Point Blank Range

We have all heard and/or used the term “point blank range” at some point in our lives, usually to make fun of someone who missed an easy shot. But what does this phrase actually mean and where did it come from? 

Point Blank Range is defined as the range at which a bullet’s trajectory remains within a  defined target area. 

For example, let’s take a target that is 6 inches in diameter, which is conveniently the typical size of a deer’s vitals. The point-blank range for shooting a deer can be explained as the range of distance (for a particular rifle) in which you will hit the 6″ vitals without having to adjust your scope or perform a “Kentucky windage” calculation. 

This can be further described by a graph. Let’s take a typical deer rifle into consideration. The graph below shows the typical trajectory in blue (bullet drop over distance) for a common 30  caliber bullet sighted at 100 yards. The orange dashed lines represent the 6″ vitals (3″ above the center and 3″ below the center). As you can see, this particular rifle has a point-blank range of about 175 yards. This means that as long as the deer is inside of that range (or as long as the blue line is within the orange dashed bounds), just aiming directly at the animal will provide a  kill shot. Beyond 175 yards an adjustment of some kind will need to be made. 

Now, how can we use this knowledge to our advantage for close-range shooting? *Remember we are using a 6-inch target in these examples, so if there is a desire to be more accurate for smaller animals (say 4 or 5 inches) you need to take that into consideration. 

1. Your sight height can be changed to increase/decrease your rifle’s point-blank range. The  sight height is simply the height (in inches) from the center of the barrel to the center of the scope. Increasing the sight height (by adding a Picatinny rail, etc.) will separate the 

barrel from the scope more, making you more inaccurate at close ranges (but still within the 6″ circle) but will increase the point blank range of the rifle. For example, take a look at the graph below. The original trajectory (blue) is still shown which used the common sight height of 1.5 inches. The new red trajectory is the same exact bullet combination but with a sight height of 2.5 inches. You can see that the point-blank range of this particular rifle has been extended to about 200 yards. 

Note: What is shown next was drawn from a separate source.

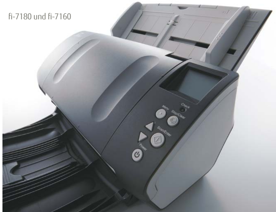
fi-7180 und fi-7160
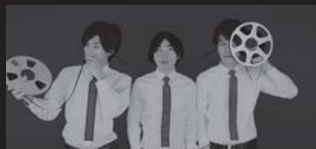
Open Reel Ensemble

2. Determining the best range to sight your rifle to is the next way we can use point blank range to our advantage. Most of us typically just sight our rifles at common yardages like 50, 100, or 200 yards, but putting some thought into this can be a huge advantage for the short-range shooter. Using simple online bullet drop calculators, we can  

actually determine what the best sight in the range is to maximize the point blank range. Using our same bullet combination and back to our typical 1.5 inch sight height, the new yellow trajectory shows that to get the best point blank range out of the rifle, it should be sighted in just over 220 yards. The goal of this process is to capture the trajectory inside the entire spectrum (above and below 0) of the target size. Now, no range has targets placed at 220  yards, but it does not matter. By looking at the graph, we know that this rifle sighted in at  220 yards will be 2.5 inches high at 100 yards. So you can simply just sight your rifle at 2.5 inches high at 100 yards to fit this trajectory. Using this method you can see that the point blank range has now been extended to 250 yards! That is a 75-yard gain from what we started with.